A description/proof of that finite product of sets is set
Topics
About: set
The table of contents of this article
Starting Context
- The reader knows a definition of product set.
- The reader admits the proposition that some expressions can be parts of legitimate formulas for the ZFC set theory.
Target Context
- The reader will have a description and a proof of the proposition that the product of any finite number of sets is a set.
Orientation
There is a list of definitions discussed so far in this site.
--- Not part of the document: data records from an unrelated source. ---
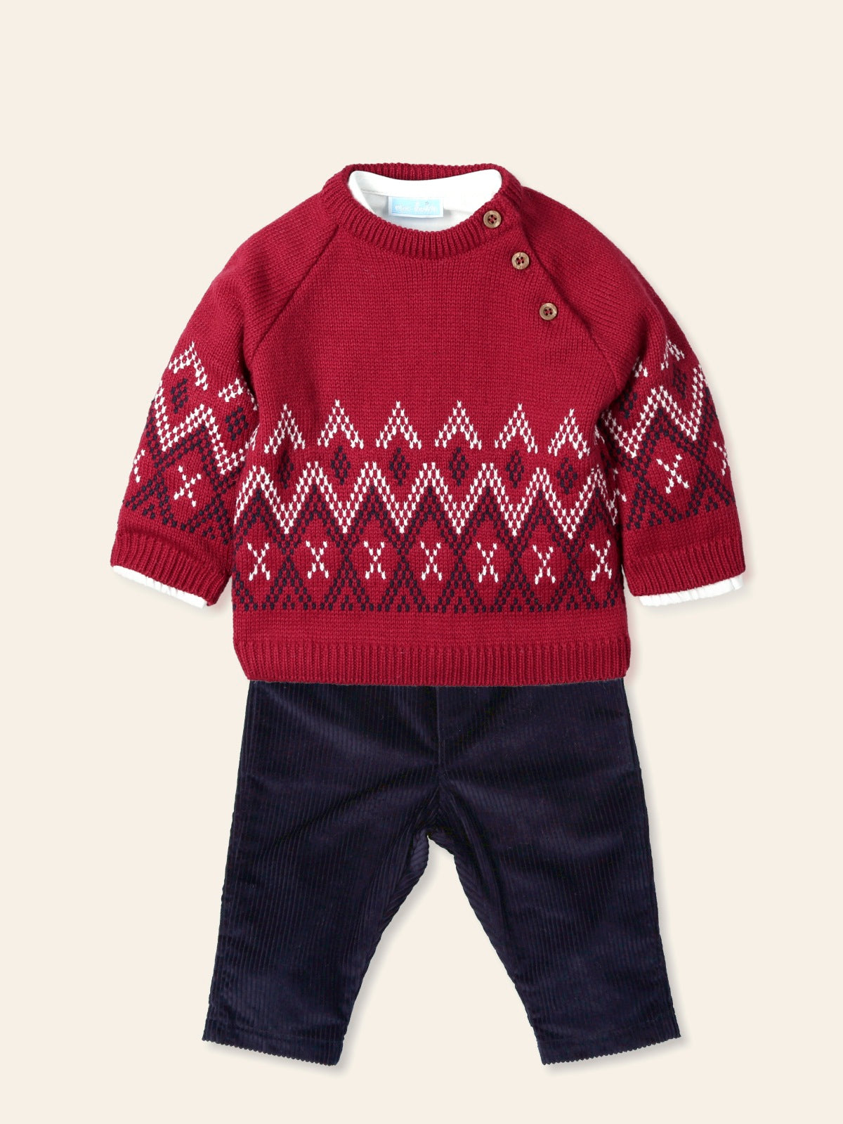 Set nascita in lana colore blu, composto da maglia con disegno renna in lavorazione jacquard, ghettina e cappello con pompon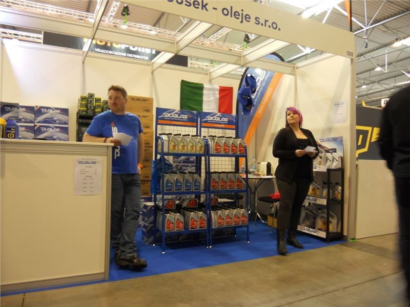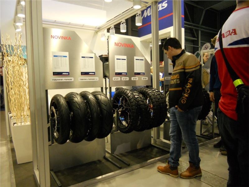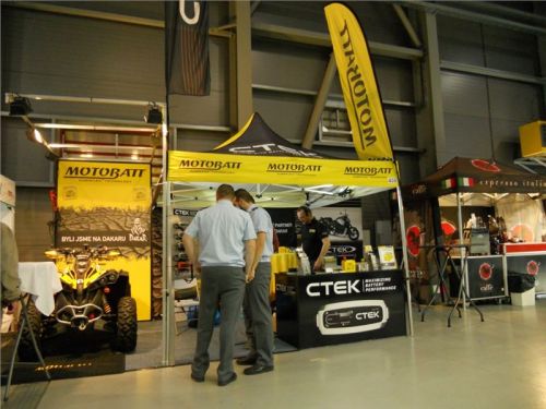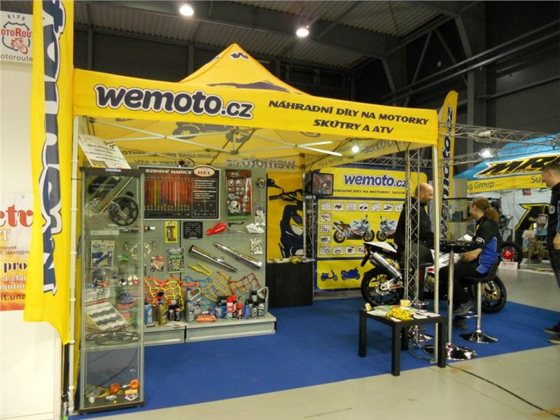 Hned vedle našeho stánku je žlutomodrý stánek firmy Wemoto, která myslí na všechny ty, co chtějí mít svou motorku po technické stránce v pořádku. Prodává náhradní díly, které budeme všichni potřebovat pro jarní servis. Brzdové destičky, řetězy, oleje, filtry a další potřebné výrobky.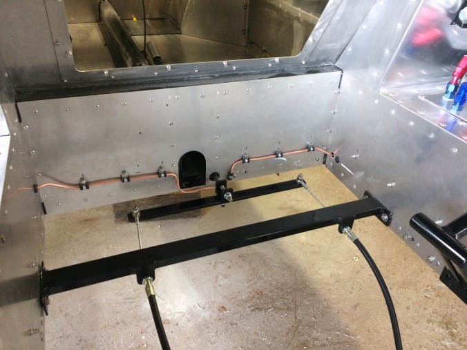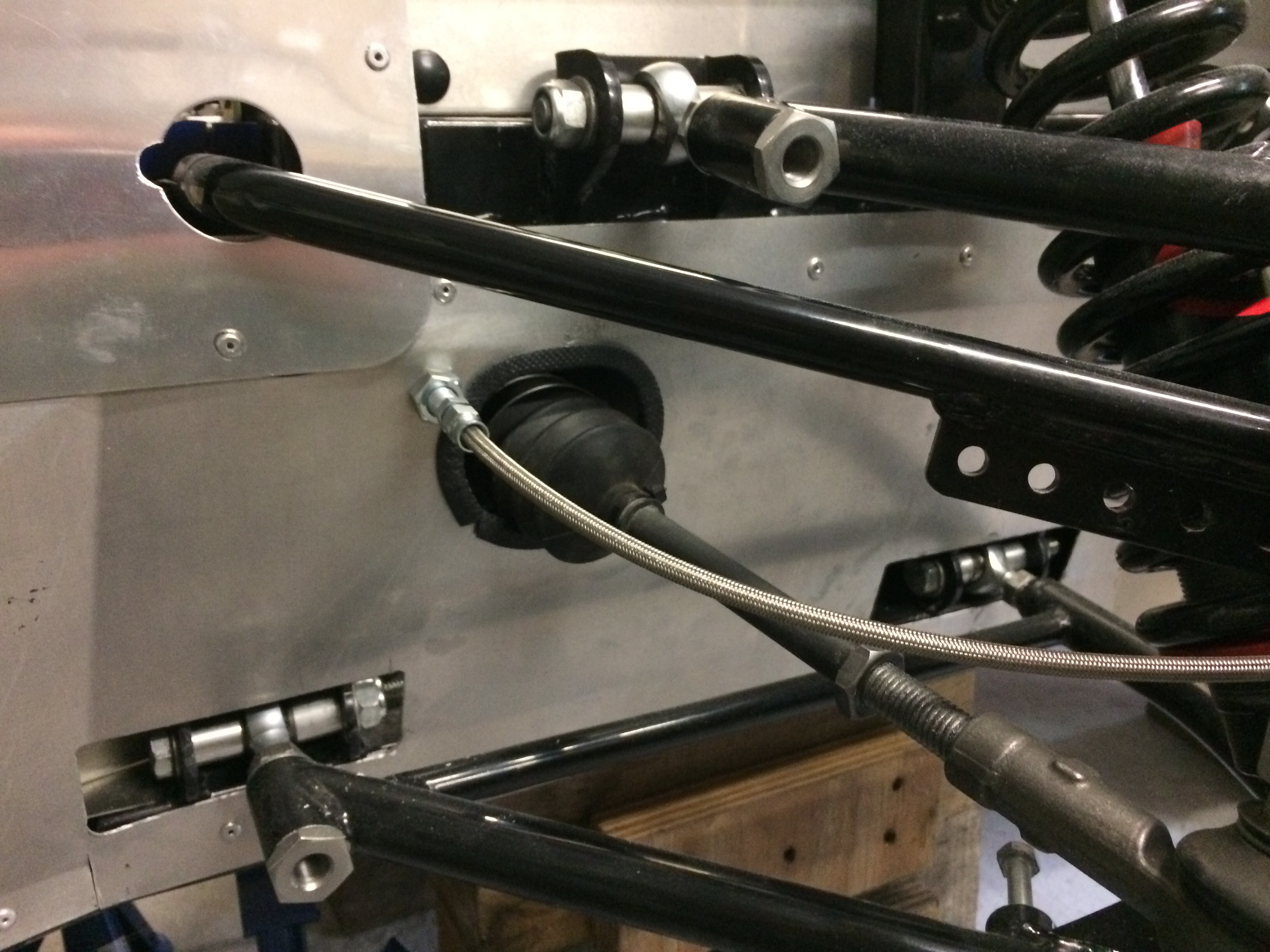 Danach ging es weiter mit den Bremsleitungen zwischen Pedallerie und Bremszylindern. Nur gerade Anbohren, und fertig, theoretisch. Die vorderen Leitungen sollten im Hohlraum vor der Stirnwand verschwinden, über dem die Pedalbox und in dem das Lenkgetriebe wohnt – entsprechend eng geht es dort zu. Am Ende der Arbeiten sieht es nun so aus:

There is a list of propositions discussed so far in this site.
Main Body
1: Description
For any sets, \(S_1, S_2, . . ., S_n\), the product of the sets, \(S_1 \times S_2 \times . . . \times S_n\), is a set.
2: Proof
1st, let us think of the case in which \(n = 2\). In fact, \(S_1 \times S_2 = \{s \in Pow (Pow (S_1 \cup S_2))\vert \exists s_1 \in S_1, \exists s_2 \in S_2, s = \langle s_1, s_2 \rangle\}\), because \(s_i \in S_1 \cup S_2, \{s_1\} \subseteq S_1 \cup S_2, \text{ so}, \{s_1\} \in Pow (S_1 \cup S_2), \{s_1, s_2\} \subseteq S_1 \cup S_2, \text{ so}, \{s_1, s_2\} \in Pow (S_1 \cup S_2), \{ \{s_1\}, \{s_1, s_2\}\} = \langle s_1, s_2 \rangle \subseteq Pow (S_1 \cup S_2), \text{ so}, \langle s_1, s_2 \rangle \in Pow (Pow (S_1 \cup S_2))\). By the subset axiom and the proposition that some expressions can be parts of legitimate formulas for the ZFC set theory, \(S_1 \times S_2\) is a set.
\(S_1 \times S_2, \times . . . \times S_n\) is really \(( . . . (S_1 \times S_2) \times . . .) \times S_n\). As \(S_1 \times S_2\) is a set, \((S_1 \times S_2) \times S_3\) is a set; as \((S_1 \times S_2) \times S_3\) is a set, \(((S_1 \times S_2) \times S_3) \times S_4\) is a set; . . .; as \(( . . . (S_1 \times S_2) \times . . .) \times S_{n - 1}\) is a set, \(( . . . (S_1 \times S_2) \times . . .) \times S_n\) is a set. Of course, we should use the induction principle to be exact.